十角館の殺人 ― コミカライズに感謝 ―

   ミステリにもいろいろあって、「映像化不能作品」というのがあります。

   物語の中で、犯人や社会状況がミステリ、「なんでこうなるの!」っていう事件を作り上げてしまうのではなく、お話の語り手がいろいろ工夫をしていて、あり得ない状況を作り上げていたというお話。たとえば主にに動いて謎を解き明かして行く立場だったひとが実の犯人だったり、男性だと思われていた人物が女性で犯人だったり。

   これって、小説だからできるんであって、映画や漫画では読者には絵として情報が提供されるから騙されないでしょう! って。

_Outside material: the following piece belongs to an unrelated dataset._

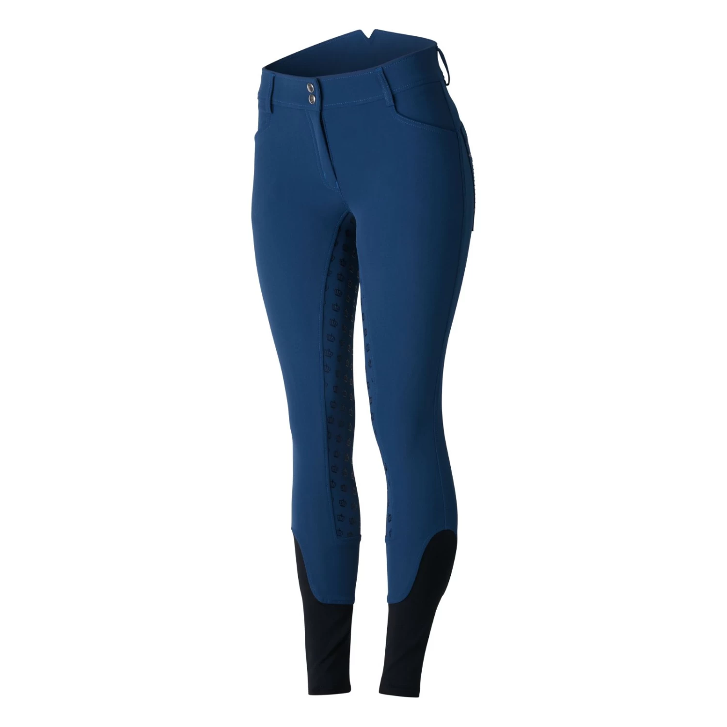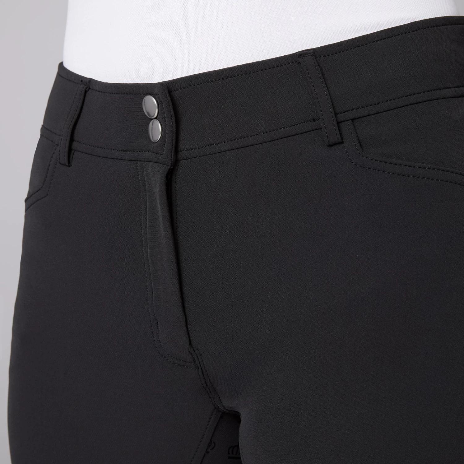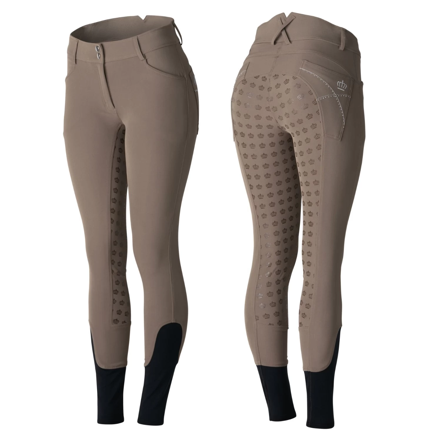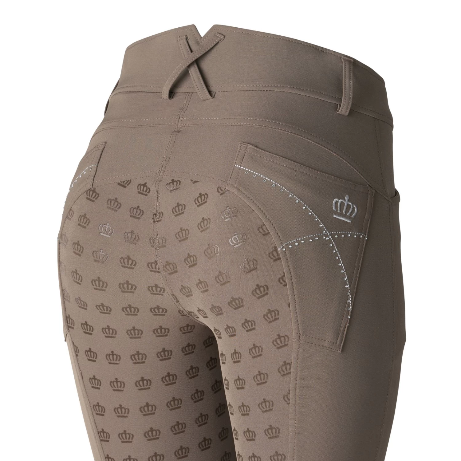 These gorgeous breeches take your outfit to the next level. A high waist keeps them in place, and the silicone full seat ensures good grip to the saddle. Elastic leg bottoms fit perfectly under your favourite boots. The back pockets are decorated with embroidery and crystals.

   「十角館の殺人」綾辻行人作画清原紘は、ごめん、そういう作品です。

   大学の推理サークル、どんだけ痛い人々かって、有名なミステリ作家の名前をサークル内のあだ名として名乗って、それで普段も呼びかけているようなガクセイ! その作家のファンで自ら名乗っているのか、作家のキャラクターや作風に本人が通じるところがあるのか、作中描かれたかな、覚えてない。

   そういう痛い学生たちが、近年4重殺人事件があったといういわくつきの孤島のコテージに出かけていこうという企画。その留守に、その痛いメンバーとはとある事情で袂を分かった状態(?)の学生たちに怪文書が届いて、離脱組もなんだか事情を調べに動き出してしまう……。いったいやつらは何をやらかしたのか。島に出かけた連中も、「第一の被害者」「第二の被害者」なんてプレートを見せつけられて、自分たちが余裕こいて創作物のミステリをああだこうだ論じる立場から、被害者や被疑者にされるご身分になったことを暗示される。……大丈夫?

   そして惨劇の幕は開いた!

   痛い学生たちは醜い内輪もめの末……!?

   これ、原作読んでるときは、明らかに名探偵ぽい名前の離脱組がいろいろ本土で過去の事件のしがらみを調べてる間にどんどん離島組が殺されて行って、ハラハラドキドキしましたけど!

   ただ、わたしはそのころはあんまりミステリ読んでなかったからシマダキヨシって名前がピンときませんでしたけど。ミタライキヨシって名探偵がいるんですって。島田荘司って作家さんのシリーズで。そういうギリギリ、マニアにアピールする仕掛けがしてあったみたいで。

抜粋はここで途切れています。